The data ->
%%

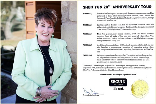 “Pertanto, io, Donna Dodgen, sindaco della città di Seguin, con la presente proclamo l’odierno martedì 30 settembre come giornata di celebrazione e riconoscimento del 20° anniversario del tour Shen Yun Performing Arts nella città di Seguin, Texas.”
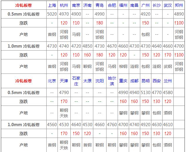 今日冷軋市場主流走強(qiáng),卷料在4680-4720元,冷板在4750元左右。據(jù)了解,國慶期間價(jià)格基本穩(wěn)定,商家多數(shù)休市,7-8日陸續(xù)有所值班經(jīng)營。而節(jié)前由于補(bǔ)跌幅度較大,現(xiàn)貨基本貼近成本售價(jià),下跌空間有限。綜合來看,預(yù)計(jì)短期冷軋卷板價(jià)格穩(wěn)中向上。
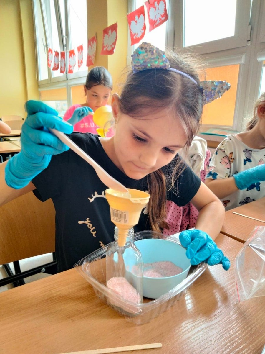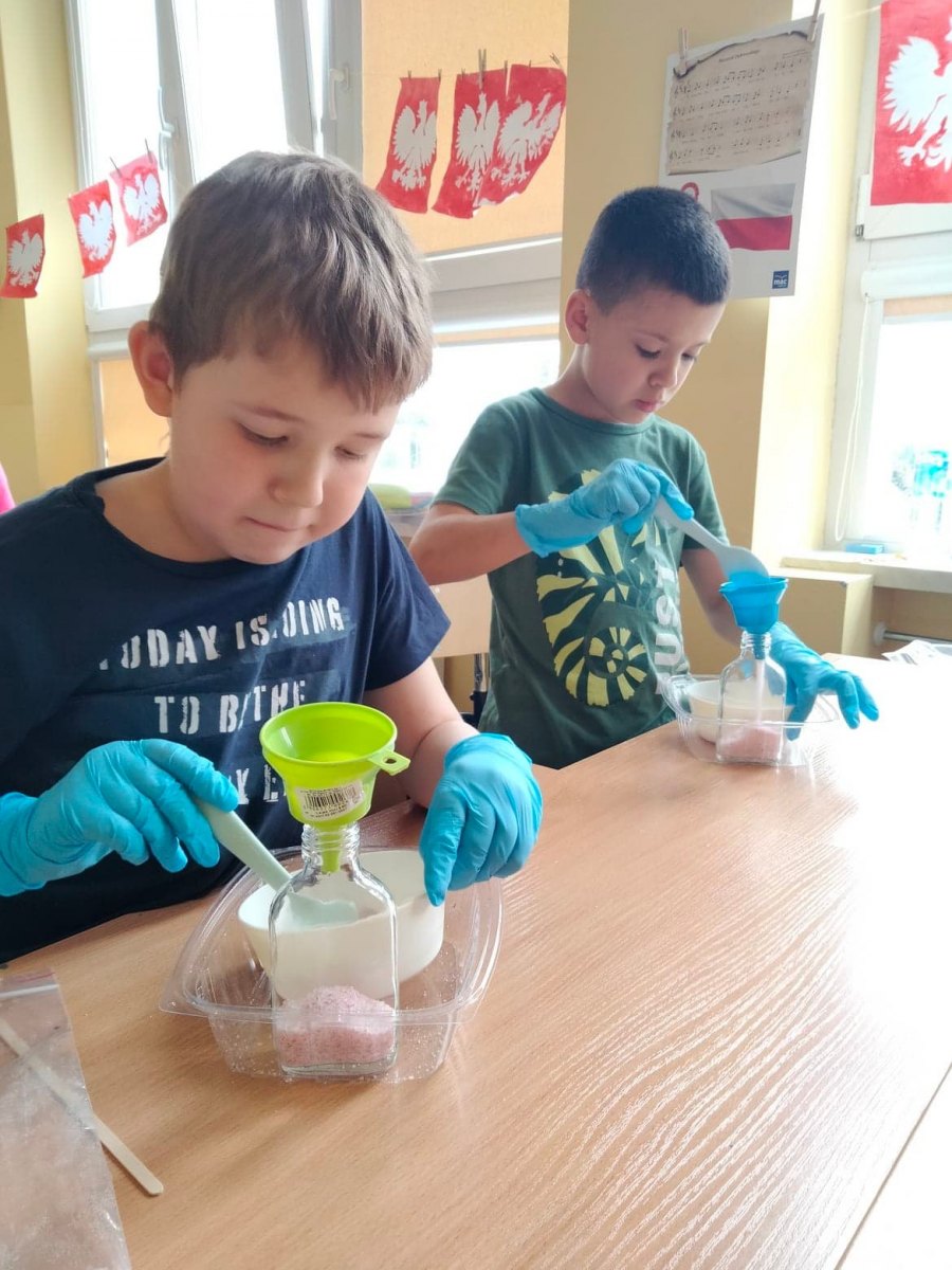 27 maja uczniowie klasy 2a i 2c uczestniczyli w warsztatach chemicznych, które poprowadziła mama naszej uczennicy p. Katarzyna Zając. Podczas zajęć przygotowane zostały naturalne sole do kąpieli. Dzieci miały do wyboru kilka rodzajów soli, do których dodawały według własnego pomysłu odpowiedni barwnik, a także suszone płatki róży czy lawendy. Sole były jeszcze bardziej aromatyczne, poprzez użycie ulubionych zapachów olejków eterycznych. Takie własnoręcznie zrobione upominki wraz z życzeniami uczniowie podarowali swoim mamom w zorganizowanym Dniu Rodziny.

%%

Task statement ->
Without any pictures, output exactly the lines from the start of the material through the line that contains "今日冷軋市場主流走強(qiá", and only those.

Problem solution ->
 “Pertanto, io, Donna Dodgen, sindaco della città di Seguin, con la presente proclamo l’odierno martedì 30 settembre come giornata di celebrazione e riconoscimento del 20° anniversario del tour Shen Yun Performing Arts nella città di Seguin, Texas.”
 今日冷軋市場主流走強(qiáng),卷料在4680-4720元,冷板在4750元左右。據(jù)了解,國慶期間價(jià)格基本穩(wěn)定,商家多數(shù)休市,7-8日陸續(xù)有所值班經(jīng)營。而節(jié)前由于補(bǔ)跌幅度較大,現(xiàn)貨基本貼近成本售價(jià),下跌空間有限。綜合來看,預(yù)計(jì)短期冷軋卷板價(jià)格穩(wěn)中向上。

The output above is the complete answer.